## [WHAT THIS TASK INVOLVES]
In the listing that follows, find the line with "Double wall Nordic", then copy exactly from it through the line with "XLD3211C is a", leaving out every picture.

## [INFORMATION SHOWN]

--------

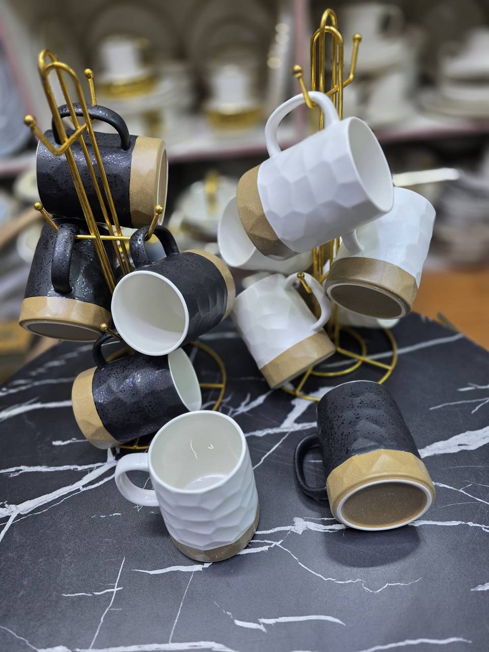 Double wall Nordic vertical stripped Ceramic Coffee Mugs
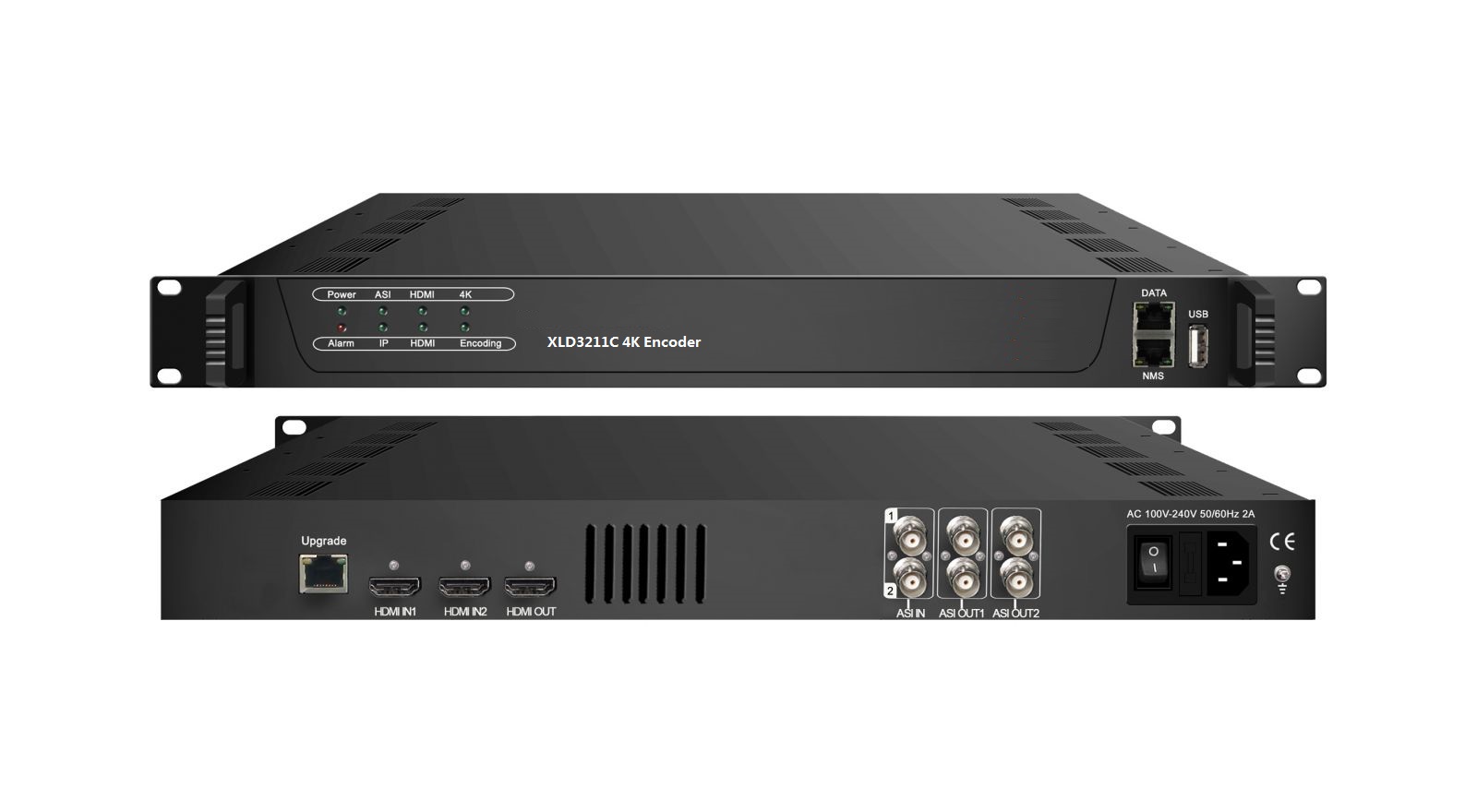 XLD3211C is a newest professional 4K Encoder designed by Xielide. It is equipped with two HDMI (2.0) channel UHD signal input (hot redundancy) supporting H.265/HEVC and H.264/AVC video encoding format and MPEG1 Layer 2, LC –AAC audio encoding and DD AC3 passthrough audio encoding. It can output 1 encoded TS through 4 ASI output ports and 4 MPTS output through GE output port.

--------

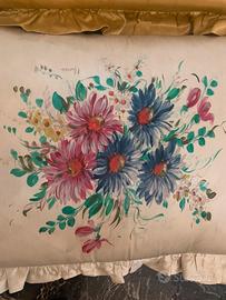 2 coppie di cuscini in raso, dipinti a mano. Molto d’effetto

--------

## [ANSWER TO THE EXERCISE]
 Double wall Nordic vertical stripped Ceramic Coffee Mugs
 XLD3211C is a newest professional 4K Encoder designed by Xielide. It is equipped with two HDMI (2.0) channel UHD signal input (hot redundancy) supporting H.265/HEVC and H.264/AVC video encoding format and MPEG1 Layer 2, LC –AAC audio encoding and DD AC3 passthrough audio encoding. It can output 1 encoded TS through 4 ASI output ports and 4 MPTS output through GE output port.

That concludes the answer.